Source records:
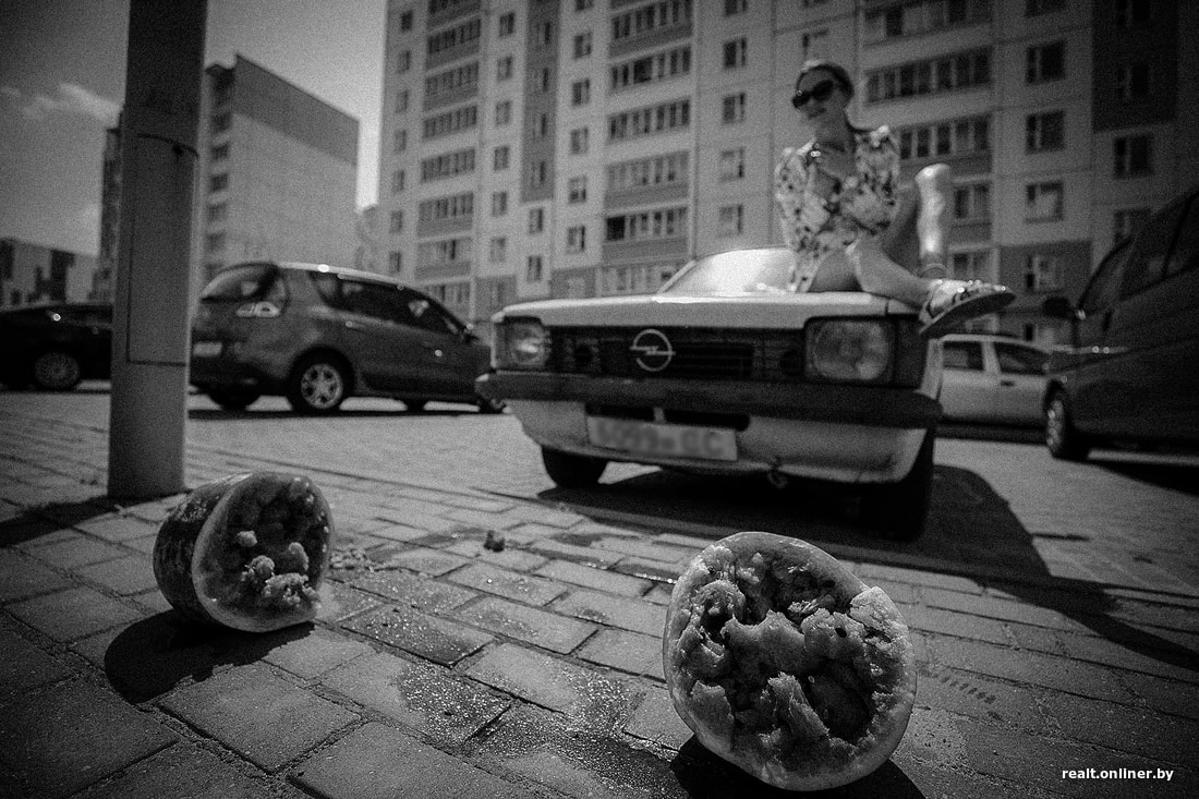 Сделать пластиковый мир еще лучше может только что-то совершенно неестественное. Что-то более неестественное, чем сам пластик. Например, отдых на капоте раритетной иномарки с арбузом в руках. И район вокруг вдруг перестает давить бесконечными городскими проблемами.
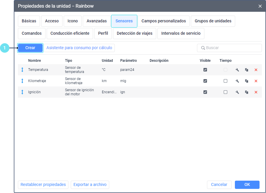 Para todas las unidades a las que quiere asignar automáticamente pasajeros cree un sensor de tipo Sensor de pasajeros. El parámetro depende del dispositivo utilizado y sus ajustes.
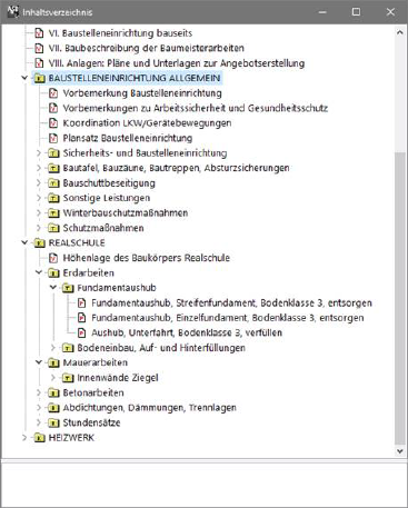 Hier wird das Projekt mit seinen Verzeichnissen und Positionen als Baum dargestellt. Durch Anklicken mit der Maus können Sie die einzelnen Äste öffnen und schließen. Im Drag & Drop - Verfahren lassen sich hier einzelne Positionen mit der Maus z. B. in andere Titel ziehen. Bei Bedarf können auch ganze Titel verschoben werden. Um an eine bestimmte Position zu gelangen, klicken Sie auf diese Position und anschließend wieder in das normale Ausschreibungsfenster. Das Inhaltsverzeichnis wird ausgeblendet und Sie befinden sich wieder im normalen Arbeitsmodus mit der gewünschten Position am Bildschirm. Das Inhaltsverzeichnis lässt sich auch über das Kontextmenü in der Auswahlliste aufrufen. Klicken Sie hierzu mit der Maus in die Auswahlliste und betätigen Sie anschließend die rechte Maustaste.
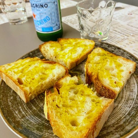 Chi ama impastare non può non cimentarsi nel pane e non si fa eccezione qui. Primo assaggio allora, semplice e ben fatto: pane e olio. In carta poi anche vari tipi di arrosticini, siamo in Abruzzo, non dimentichiamolo.
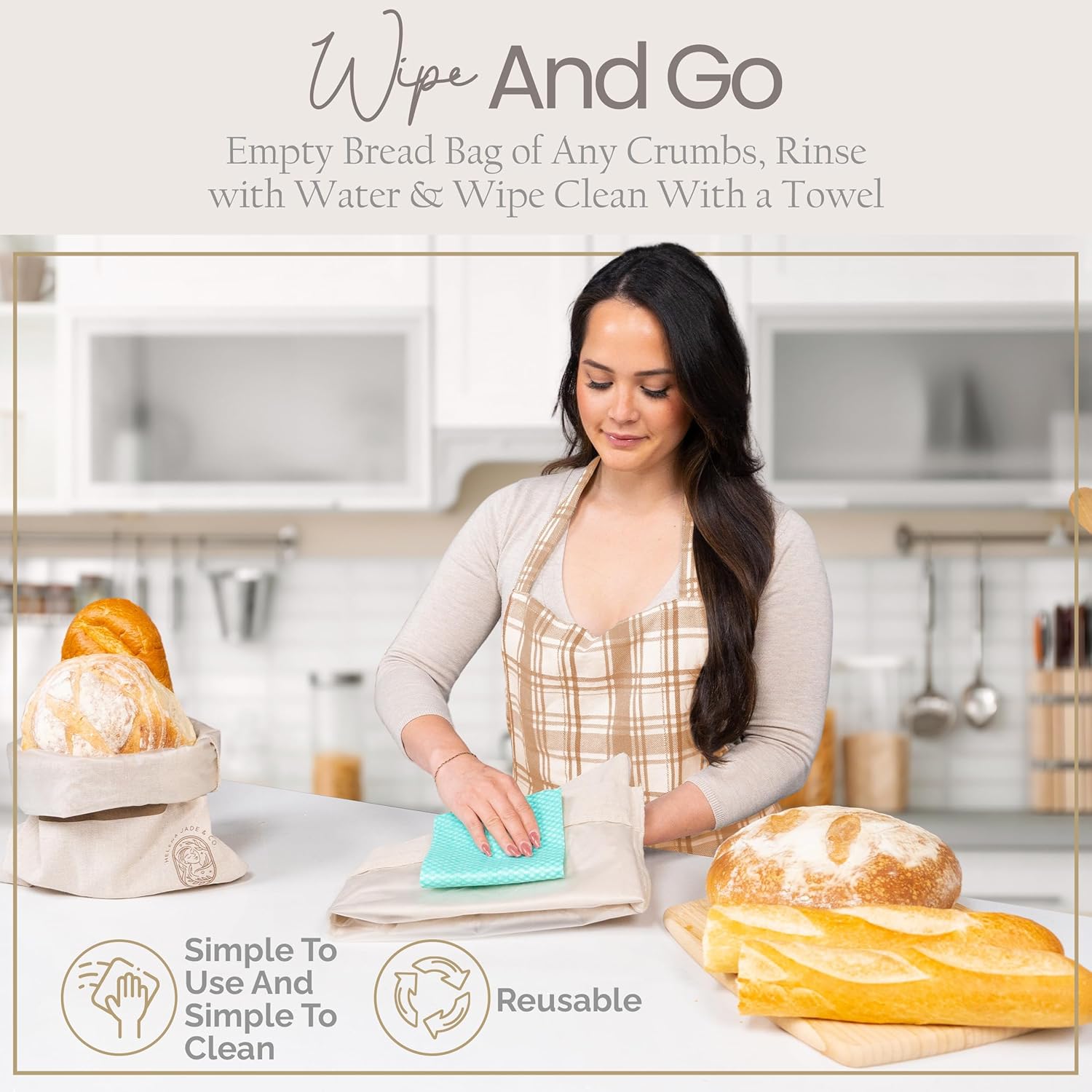 - 𝗞𝗲𝗲𝗽 𝗬𝗼𝘂𝗿 𝗕𝗿𝗲𝗮𝗱 𝗙𝗿𝗲𝘀𝗵 𝗳𝗼𝗿 𝗗𝗮𝘆𝘀: Our reusable bread bags preserve homemade loaves by locking in moisture and maintaining a crisp crust with a soft crumb. The PABA-free plastic lining creates a food-safe barrier that extends freshness, keeping bread flavourful and preventing it from drying out.

- Task to complete: Without the pictures, reproduce every record exactly as it appears above.

- Answer box:
 Сделать пластиковый мир еще лучше может только что-то совершенно неестественное. Что-то более неестественное, чем сам пластик. Например, отдых на капоте раритетной иномарки с арбузом в руках. И район вокруг вдруг перестает давить бесконечными городскими проблемами.
 Para todas las unidades a las que quiere asignar automáticamente pasajeros cree un sensor de tipo Sensor de pasajeros. El parámetro depende del dispositivo utilizado y sus ajustes.
 Hier wird das Projekt mit seinen Verzeichnissen und Positionen als Baum dargestellt. Durch Anklicken mit der Maus können Sie die einzelnen Äste öffnen und schließen. Im Drag & Drop - Verfahren lassen sich hier einzelne Positionen mit der Maus z. B. in andere Titel ziehen. Bei Bedarf können auch ganze Titel verschoben werden. Um an eine bestimmte Position zu gelangen, klicken Sie auf diese Position und anschließend wieder in das normale Ausschreibungsfenster. Das Inhaltsverzeichnis wird ausgeblendet und Sie befinden sich wieder im normalen Arbeitsmodus mit der gewünschten Position am Bildschirm. Das Inhaltsverzeichnis lässt sich auch über das Kontextmenü in der Auswahlliste aufrufen. Klicken Sie hierzu mit der Maus in die Auswahlliste und betätigen Sie anschließend die rechte Maustaste.
 Chi ama impastare non può non cimentarsi nel pane e non si fa eccezione qui. Primo assaggio allora, semplice e ben fatto: pane e olio. In carta poi anche vari tipi di arrosticini, siamo in Abruzzo, non dimentichiamolo.
 - 𝗞𝗲𝗲𝗽 𝗬𝗼𝘂𝗿 𝗕𝗿𝗲𝗮𝗱 𝗙𝗿𝗲𝘀𝗵 𝗳𝗼𝗿 𝗗𝗮𝘆𝘀: Our reusable bread bags preserve homemade loaves by locking in moisture and maintaining a crisp crust with a soft crumb. The PABA-free plastic lining creates a food-safe barrier that extends freshness, keeping bread flavourful and preventing it from drying out.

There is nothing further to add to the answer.